FIGS. 6A, 6B, and 6C illustrate examples of detection results for each landmark detection method. Referring to FIG. 6A, A2CH 602 may be analyzed by image-based detection 622. In the case of image-based detection 622, landmarks (e.g., Apex 632 and Annulus 634a, 634b) may be detected using only ultrasonic images. The image-based detection 622 has the advantage of being able to detect landmarks more quickly, because landmarks are detected only from images without performing segmentation.

Referring to FIG. 6B, A2CH 602 may be analyzed by segmentation-based detection 624. In the case of the segmentation-based detection 624, after segmentation is performed on a ultrasonic image, a landmark is detected from a segmentation result. Therefore, it takes relatively much time compared to the image-based detection 622, but the time required has been greatly reduced through recent artificial intelligence. In addition, since the artificial intelligence algorithm derives image segmentation results that are acceptable to clinicians, landmarks (e.g., Apex 642, Annulus 644a, 644b) may be detected with relatively higher accuracy than landmark detection based only on a single image, such as the image-based detection 622.

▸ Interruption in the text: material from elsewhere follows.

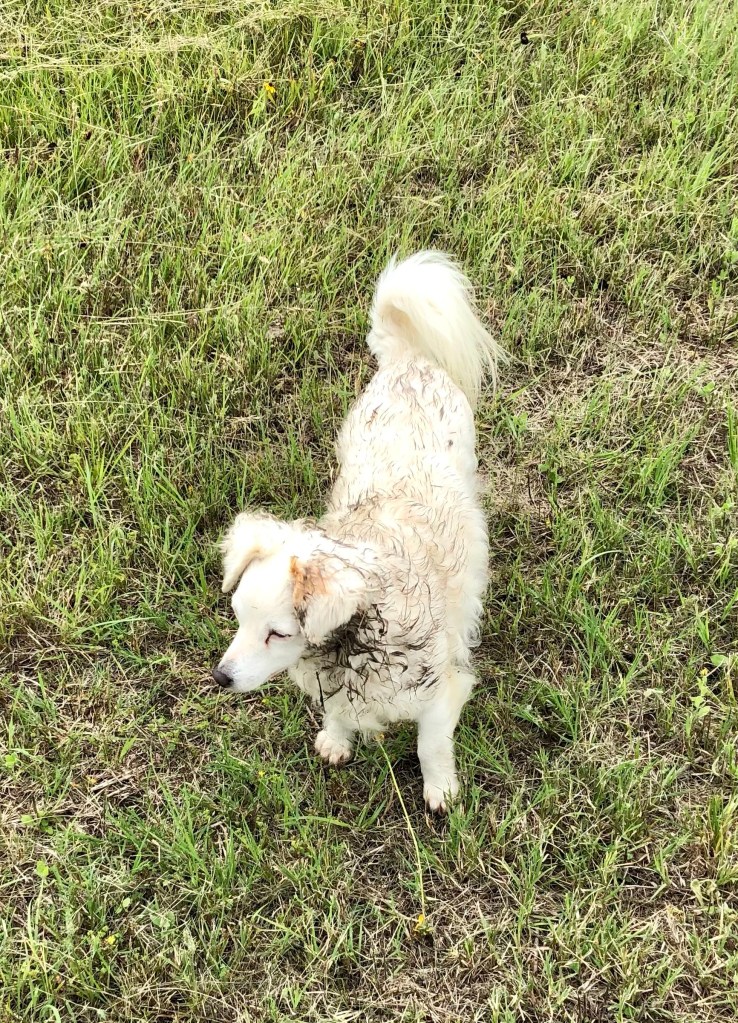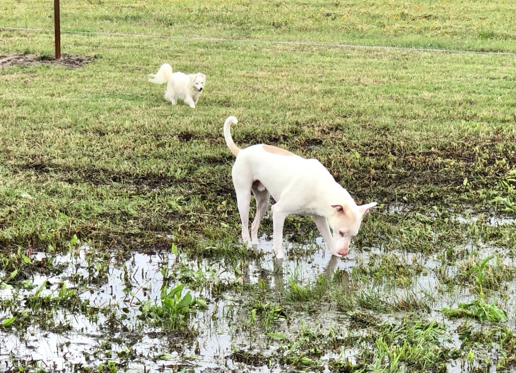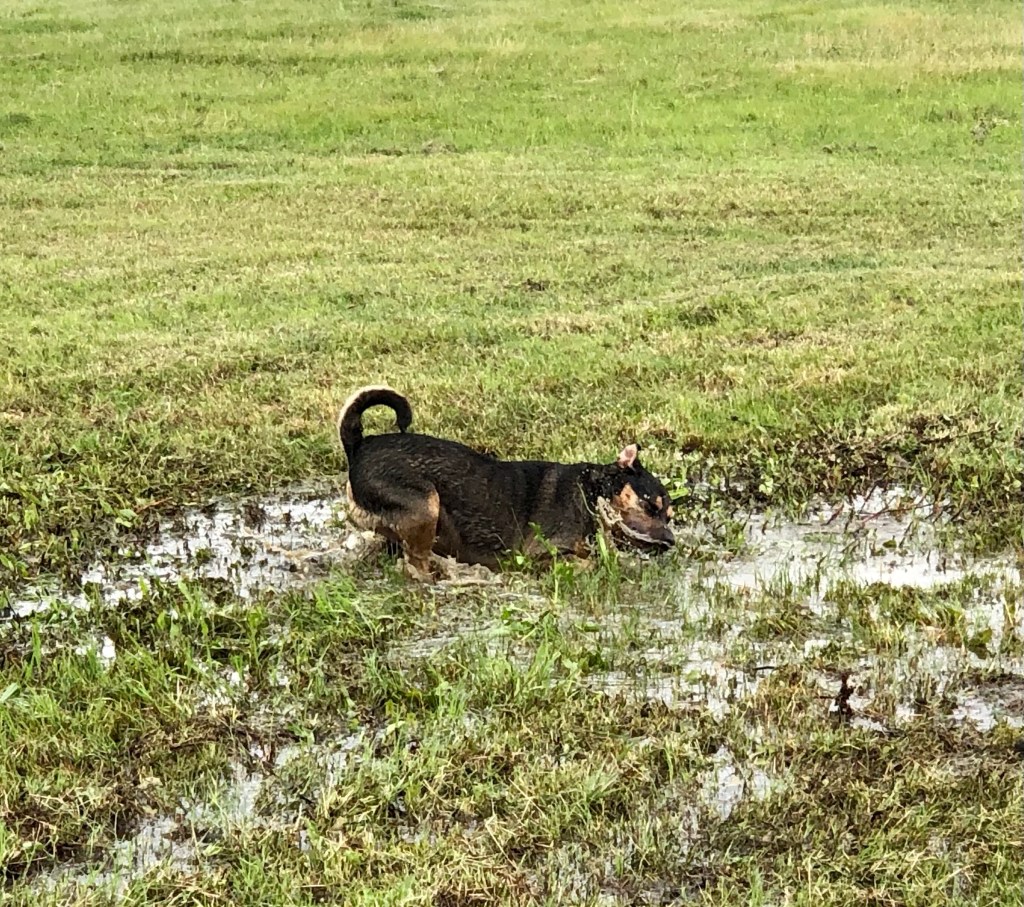 All the dogs frolicked in it, but one in particular was in ecstasy. Harvey was absolutely hilarious. He’d plop himself in a puddle, then jump up and stick his head in the water, shaking vigorously.

Referring to FIG. 6C, A2CH 602 may be analyzed by complement detection 626. The complement detection 626 may be used when it is difficult to detect landmarks using only one of the image-based detection 622 and the segmentation-based detection 624. In the complement detection 626, probabilities determined by the image-based detection 622 (e.g., Apex 632, Annulus 634a, 634b) and probabilities determined by the segmentation-based detection 624 (e.g., Apex 642, Annulus 644a, 644b) may be refined and complemented by a Bayesian method, and landmarks may be detected.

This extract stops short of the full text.